39. We note from the discussion on page 54 of MD&A that interest expense on related party long-term debt accounted for 91%, 97%, and 96% of your interest expense in 2011, 2012, and 2013. Given the materiality of this related-party interest expense to your results of operations, please revise your consolidated statements of operations to separately disclose this related-party interest expense on the face of your consolidated statements of operations. Refer to the guidance outlined in Rule 4-08(k) of Regulation S-X.

Response: The Company respectfully acknowledges the Staff’s comment and has revised its consolidated statements of operations in the Amendment as requested.

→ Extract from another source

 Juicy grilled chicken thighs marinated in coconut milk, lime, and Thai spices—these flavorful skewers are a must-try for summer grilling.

Notes to Consolidated Financial Statements, page F-9

(2) Unaudited Pro Forma Balance Sheet, page F-9

 

40. We note that in connection with the 2014 Recapitalization, the company’s preferred stock and various classes of common stock will convert into the company’s common stock. Please revise to disclose the conversion terms under which the preferred shares and various categories of common shares will convert into the company’s common stock. Also, we note that in connection with this transaction, the company will execute with affiliates of the Virgin Group an amended license agreement related to the Virgin name and brand increasing the royalty payment for the defined term of the agreement. Please revise to explain in further detail how this revised licensing arrangement will be reflected in the pro forma balance sheet.

Response: The Company respectfully acknowledges the Staff’s comment and notes that, as a result of including the pro forma financial statements in the Amendment in response to Comment 7 above, it has removed Note 2 from its consolidated financial statements.

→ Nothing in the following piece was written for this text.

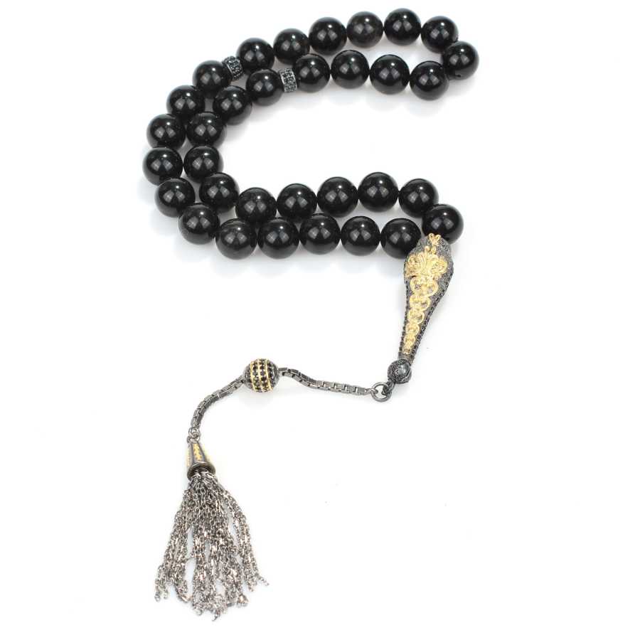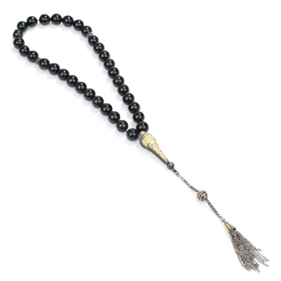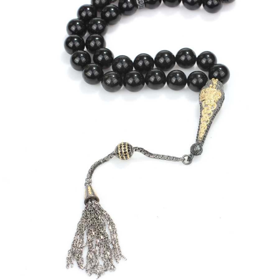 Küre kesim gerçek oniks taşı tesbih 1 cm boyutlarındadır. Gümüş püskülü dahil tespih toplam uzunluğu 30 cm'dir. Tesbih oniks ve siyah zirkon taşlıdır. Püskül ve imame siyah rodaj üzeri pembe rodaj kaplamalıdır. Tespihin ağırlığı 54,1 gramdır.

(3) 2013 Recapitalization, page F-10

 

41. We note from page F-11 that you accounted for the 2013 Recapitalization as a troubled debt restructuring given that the creditors granted a concession by reducing the aggregate amount of debt. Please note that in order for troubled debt restructuring accounting to apply, the debtor must have been experiencing financial difficulties as outlined in paragraphs 7 through 9 of ASC 470-60-55. Please tell us whether you were experiencing financial difficulties as explained in the ASC 470-60-55. To the extent you were not experiencing financial difficulties, please revise to evaluate the modification of your debt under paragraphs 6 through 12 of ASC 470-50-40.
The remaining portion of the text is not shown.